For a 3-noded triangle, this is not an issue, as all three vertices of the triangle are always co-planar, thus a transformation into a 2D element an be found, as shown here: Finding Shape Functions for a Triangle in 3D coordinate space .

However if mid-nodes are added, they might not necessarily be co-planar with the other vertices anymore, thus I would believe no such transformation can be used.
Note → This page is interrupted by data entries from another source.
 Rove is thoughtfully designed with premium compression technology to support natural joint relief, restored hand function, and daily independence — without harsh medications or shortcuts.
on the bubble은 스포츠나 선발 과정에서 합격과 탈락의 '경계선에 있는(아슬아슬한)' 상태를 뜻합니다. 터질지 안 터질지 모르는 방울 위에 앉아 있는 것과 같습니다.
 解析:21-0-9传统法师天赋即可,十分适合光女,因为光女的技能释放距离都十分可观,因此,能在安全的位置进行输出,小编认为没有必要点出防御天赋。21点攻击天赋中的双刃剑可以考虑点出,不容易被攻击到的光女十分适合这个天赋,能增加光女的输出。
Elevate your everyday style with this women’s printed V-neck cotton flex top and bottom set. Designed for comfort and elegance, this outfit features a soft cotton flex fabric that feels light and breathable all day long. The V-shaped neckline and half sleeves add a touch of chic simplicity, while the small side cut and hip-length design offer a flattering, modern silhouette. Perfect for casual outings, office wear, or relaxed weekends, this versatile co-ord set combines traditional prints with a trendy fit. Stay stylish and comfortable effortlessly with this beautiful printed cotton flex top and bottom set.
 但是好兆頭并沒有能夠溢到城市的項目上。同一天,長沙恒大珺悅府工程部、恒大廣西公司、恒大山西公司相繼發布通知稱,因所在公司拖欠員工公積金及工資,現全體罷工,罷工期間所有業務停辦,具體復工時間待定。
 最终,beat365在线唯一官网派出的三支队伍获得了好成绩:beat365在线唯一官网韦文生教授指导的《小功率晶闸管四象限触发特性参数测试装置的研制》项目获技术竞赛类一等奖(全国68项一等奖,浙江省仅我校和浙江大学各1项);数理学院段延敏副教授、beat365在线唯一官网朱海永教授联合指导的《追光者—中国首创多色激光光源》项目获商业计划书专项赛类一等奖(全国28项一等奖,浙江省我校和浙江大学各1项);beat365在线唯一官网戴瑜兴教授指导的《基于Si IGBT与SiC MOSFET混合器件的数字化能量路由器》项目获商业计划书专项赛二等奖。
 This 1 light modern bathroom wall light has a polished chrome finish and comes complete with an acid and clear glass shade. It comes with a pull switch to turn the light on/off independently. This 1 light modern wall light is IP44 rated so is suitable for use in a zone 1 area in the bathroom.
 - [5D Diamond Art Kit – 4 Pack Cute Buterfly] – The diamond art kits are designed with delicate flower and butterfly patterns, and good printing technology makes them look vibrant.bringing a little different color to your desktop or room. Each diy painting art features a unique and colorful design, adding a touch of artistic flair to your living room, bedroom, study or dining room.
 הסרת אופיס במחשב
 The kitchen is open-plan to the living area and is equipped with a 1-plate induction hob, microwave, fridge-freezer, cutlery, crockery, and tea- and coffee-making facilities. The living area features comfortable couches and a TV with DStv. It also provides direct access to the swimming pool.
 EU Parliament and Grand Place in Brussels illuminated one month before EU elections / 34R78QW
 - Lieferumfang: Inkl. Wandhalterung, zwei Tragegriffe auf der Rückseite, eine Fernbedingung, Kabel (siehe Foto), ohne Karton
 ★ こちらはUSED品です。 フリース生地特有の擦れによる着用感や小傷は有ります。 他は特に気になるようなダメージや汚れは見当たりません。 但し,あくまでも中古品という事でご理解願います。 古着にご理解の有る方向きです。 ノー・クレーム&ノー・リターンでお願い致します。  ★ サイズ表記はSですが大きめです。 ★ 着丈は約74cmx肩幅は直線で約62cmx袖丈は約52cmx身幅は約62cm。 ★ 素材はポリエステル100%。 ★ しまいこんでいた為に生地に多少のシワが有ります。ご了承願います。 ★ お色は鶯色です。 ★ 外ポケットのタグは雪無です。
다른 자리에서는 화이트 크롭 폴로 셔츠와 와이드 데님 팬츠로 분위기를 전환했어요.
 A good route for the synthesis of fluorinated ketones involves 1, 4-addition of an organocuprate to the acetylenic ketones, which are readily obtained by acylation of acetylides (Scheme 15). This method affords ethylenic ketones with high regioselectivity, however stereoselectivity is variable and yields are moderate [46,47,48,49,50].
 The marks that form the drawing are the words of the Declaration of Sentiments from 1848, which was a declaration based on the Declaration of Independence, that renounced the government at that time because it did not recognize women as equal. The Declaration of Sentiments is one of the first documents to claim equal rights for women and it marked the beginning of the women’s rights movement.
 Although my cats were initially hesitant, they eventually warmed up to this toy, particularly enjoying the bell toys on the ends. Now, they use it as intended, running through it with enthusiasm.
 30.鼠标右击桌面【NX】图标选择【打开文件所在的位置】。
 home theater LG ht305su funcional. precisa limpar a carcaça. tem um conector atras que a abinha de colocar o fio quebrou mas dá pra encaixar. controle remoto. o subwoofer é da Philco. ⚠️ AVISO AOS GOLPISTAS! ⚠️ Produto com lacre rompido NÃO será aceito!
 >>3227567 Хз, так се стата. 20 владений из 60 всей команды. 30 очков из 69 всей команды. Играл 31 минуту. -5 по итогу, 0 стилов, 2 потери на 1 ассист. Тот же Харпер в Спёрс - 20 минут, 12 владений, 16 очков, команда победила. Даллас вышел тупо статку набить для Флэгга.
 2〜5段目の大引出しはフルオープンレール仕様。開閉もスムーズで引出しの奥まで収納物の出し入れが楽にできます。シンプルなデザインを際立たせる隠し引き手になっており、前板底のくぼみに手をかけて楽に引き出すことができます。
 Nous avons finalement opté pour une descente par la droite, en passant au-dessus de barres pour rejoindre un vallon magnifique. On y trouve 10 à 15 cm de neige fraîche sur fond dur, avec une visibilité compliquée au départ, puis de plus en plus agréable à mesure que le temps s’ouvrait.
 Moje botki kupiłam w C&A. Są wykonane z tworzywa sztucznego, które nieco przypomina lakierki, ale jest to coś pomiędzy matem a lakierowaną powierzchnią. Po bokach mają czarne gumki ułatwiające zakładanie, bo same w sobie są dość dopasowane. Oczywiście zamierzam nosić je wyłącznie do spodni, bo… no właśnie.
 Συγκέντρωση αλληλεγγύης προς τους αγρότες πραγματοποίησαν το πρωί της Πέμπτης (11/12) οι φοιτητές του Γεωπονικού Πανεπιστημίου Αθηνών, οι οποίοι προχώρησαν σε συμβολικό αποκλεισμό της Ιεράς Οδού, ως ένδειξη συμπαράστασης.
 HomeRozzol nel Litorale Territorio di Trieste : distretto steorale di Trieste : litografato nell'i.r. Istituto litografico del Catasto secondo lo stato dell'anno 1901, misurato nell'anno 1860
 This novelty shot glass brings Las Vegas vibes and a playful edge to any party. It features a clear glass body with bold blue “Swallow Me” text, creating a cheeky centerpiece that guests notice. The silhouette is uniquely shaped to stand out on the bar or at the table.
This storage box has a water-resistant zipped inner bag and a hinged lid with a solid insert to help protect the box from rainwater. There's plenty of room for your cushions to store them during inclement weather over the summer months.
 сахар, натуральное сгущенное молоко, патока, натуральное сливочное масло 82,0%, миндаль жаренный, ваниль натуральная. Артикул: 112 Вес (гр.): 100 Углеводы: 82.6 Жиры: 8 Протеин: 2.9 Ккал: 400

Is there a special transformation to do this? Do I have to calculate the shape functions and Jacobian for the 3D case on my own or do I maybe need to resort to the shape functions of a 10-noded tetrahedron and integrate over the surfaces?

Edit: I tried to calculate the 3D Variant of the Jacobian on my own, but I do not get to the desired results.

I assumed the following shape functions: $N_1 = \zeta_1(2\zeta_1 - 1)$ $N_2 = \zeta_2(2\zeta_2 - 1)$ $N_3 = \zeta_3(2\zeta_3 - 1)$ $N_4=4\zeta_1\zeta_2$ $N_5=4\zeta_2\zeta_3$ $N_6=4\zeta_3\zeta_1$.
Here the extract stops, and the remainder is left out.